◆ **Aim of the exercise**:
Print exactly the lines of the listing below from the one containing "Beneath Washington on" through the final line, both included, and no pictures.

◆ **Data block**:
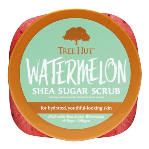 Experience an intense exfoliation and reveal soft, glowing skin with the skin-quenching scent of Watermelon! Made with Sugar, Shea Butter, Watermelon, Vegan Collagen and an array of natural oils including Evening Primrose, Avocado, Macadamia, Sweet Almond, Safflower and Orange Oils. Deeply nourish and balance skin’s hydration to help restore skin’s natural glow. Exfoliating body scrub removes dull, dry skin to reveal glowing, soft, smooth skin. Tree Hut’s Shea Sugar Scrubs are effective exfoliating body scrubs that remove dull, dry skin to reveal glowing, soft, smooth skin. Watermelon is known as a natural humectant that helps prevent moisture loss and it provides gentle, yet effective, exfoliation. Vegan Collagen is known to help give the appearance of smooth and youthful-looking skin. Sugar is Tree Hut’s natural exfoliant that effectively polishes away dead skin while helping to boost circulation to the skin surface. Natural Shea Butter is known to deeply moisturize, nourish and soften dry, skin while helping to promote elasticity. Natural oils condition skin to help prevent dryness and balance hydration for a refined, healthy glow. Tree Hut Shea Sugar Scrubs feature a 6-oil blend of: Avocado Oil, Macadamia Oil, Sweet Orange Oil, Sweet Almond Oil, Evening Primrose Oil, Safflower Oil. Tree Hut Watermelon Shea Sugar Scrub is paraben free, vegan, sulfate free, alcohol free, contains no formaldehyde donors, has a no-slip formula and long-lasting fragrance.
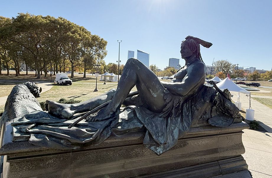 Beneath Washington on horseback is a circular group of historical and allegorical figures. American Indians are depicted in thoughtful, dignified poses, Representing the original inhabitants of the continent.
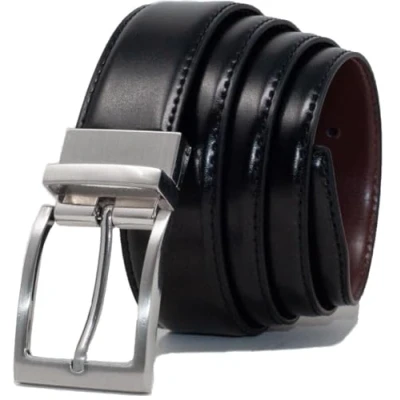 Simple twist reversible buckle gives you the option of a black or brown belt with the flick of the wrist. Perfect 34mm width, ideal for suit trousers, jeans or casual wear. Made with 2 coated leather straps and finished with a classic feather stitch on the edges to improve strength. Available for waist sizes 32" - 48" (PLEASE READ SIZING GUIDE IN MAIN DESCRIPTION) Made by Ashford Ridge

◆ **Response to the exercise**:
 Beneath Washington on horseback is a circular group of historical and allegorical figures. American Indians are depicted in thoughtful, dignified poses, Representing the original inhabitants of the continent.
 Simple twist reversible buckle gives you the option of a black or brown belt with the flick of the wrist. Perfect 34mm width, ideal for suit trousers, jeans or casual wear. Made with 2 coated leather straps and finished with a classic feather stitch on the edges to improve strength. Available for waist sizes 32" - 48" (PLEASE READ SIZING GUIDE IN MAIN DESCRIPTION) Made by Ashford Ridge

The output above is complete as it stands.